When U.S. Marine Corps Staff Sgt. Jack Stanfield woke up and walked into his living room in December 2015, the last thing he expected was the wake-up call that he didn’t know he needed.
Waiting for him was his 16-year-old son, Jack Stanfield III, and the Military Police.
“He[the younger Stanfield] said ‘I need you to sit down, shut up and listen to me,’” Stanfield said. “He came over and gave me a hug and said ‘Dad, this is going to be hard, but I want to check you into a mental hospital; I can’t suffer anymore, and I know you’re suffering more than I am.’”
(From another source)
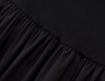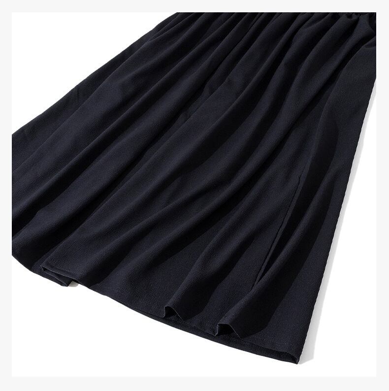高めのウエスト切り替えがスタイルアップを演出し、歩くたびに揺れるスカートが軽やかな印象を与えます。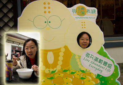 Our little cable car was skimming through the air over the blue-green mountains of Lantau Island to Ngong Ping Village, HK's newest attraction. This 25 minutes ride provide 360 degree panoramic breathtaking views of North Lantau & the South China Sea & got a glimpse of the HK International Airport 2. That's why it's called Ngong Ping 360 la.

Stanfield had woken up under his bed after having a trance-like nightmare, a common occurrence after suffering from a traumatic brain injury and post-traumatic stress disorder sustained in the late 1990s in Kosovo and then having them exacerbated again in 2005 while serving in Fallujah, Iraq. He also shattered both kneecaps which needed reconstructive surgery.
Upon returning to his unit after his initial behavioral health treatment, he coordinated a meeting with his commanding general, who approved his transfer to the Wounded Warrior Battalion-West at Camp Pendleton, Calif.
It was there that Stanfield learned about adaptive sports.
“I’m an active participant in athletic sports, and being the oldest of six brothers, I have a competitive nature,” he said. “To be able to participate in sports that I thought were done [for me] after my injuries has just been a pleasure. It’s amazing to see what tragedies that all of us have gone through and have adapted.”
Stanfield’s participation led him to compete in the 2016 Department of Defense Warrior Games at the United States Military Academy at West Point, N.Y., where he competed in the sitting volleyball, cycling, swimming and field events, winning the bronze medal in cycling.
Adaptive sports has been the best rehabilitation that Stanfield could have asked for.
“I had one specific trainer who said ‘Jack, I’m putting you in the pool,’” he said. “She worked with me day-in and day-out to get me to do my exercises, and from that day forward, [I’ve been] committed even more.”
Since that fateful intervention in his living room, Stanfield has begun motivational speaking at schools and churches in addition to competing.
“I mainly try to educate the civilian population about the blind side of the war,” he said.
He explains that not all injuries are visible, and that those who suffer the internal traumas suffer just as much as those who have visible injuries.
He also speaks about his own traumas and what he went through, and how he has adapted and is now pursuing his life from a different angle, he added.
Stanfield is resolute when he says his son was instrumental in his recovery.
“He’s my caretaker; he pushes me; he medicates me; calls and checks on me,” he said with tears in his eyes. “Everything I do is because of him.”